Preparation and characterization of poly(vinyl chloride) calcium carbonate nanocomposites via melt intercalation

Calcium carbonate was synthesized by in situ deposition technique and its nano size (35-60 nm) was confirmed by transmission electron microscopy (TEM). Composites of the filler CaCO3 (micro and nano) and the matrix poly(vinyl chloride) (PVC) were prepared with different filler loadings (0-5 wt%) by melt intercalation. Brabender torque rheometer equipped with an internal mixer has been used for preparation of formulations for composites. The effect of filler content both nano- and micro level on the nanostructure and properties is reported here.
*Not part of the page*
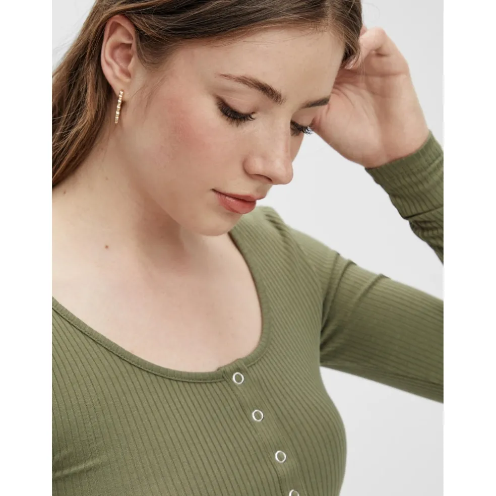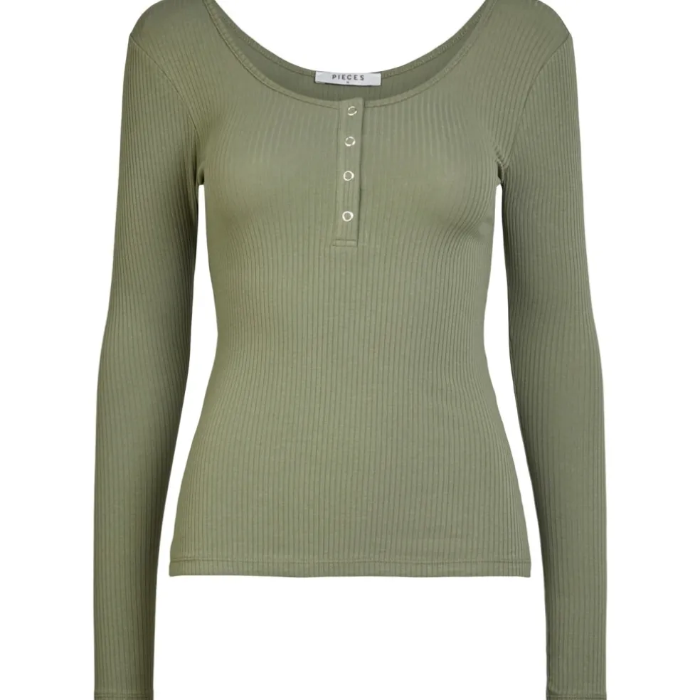 Flot langærmet bluse fra PIECES. Blusen er lavet i rib kvalitet og har trykknapper foran.

The nanostructures were studied by wide angle X-ray diffraction and scanning electron microscopy. The mechanical, thermal, and dynamic mechanical properties of PVC/micro- and nano-CaCO3 composites were characterized using universal testing machine, thermogravimetric analyzer, and dynamic mechanical analyzer. The results of thermal analysis indicated that the thermal stability of PVC/nano-CaCO3 composites was improved as compared with corresponding microcomposites, and that of pristine PVC and maximum improvement was obtained at 1 and 3 phr loadings. However, the tensile strength decreased significantly with increase loading of both nano- and micro-CaCO3, whereas storage modulus and glass transition temperature increased significantly.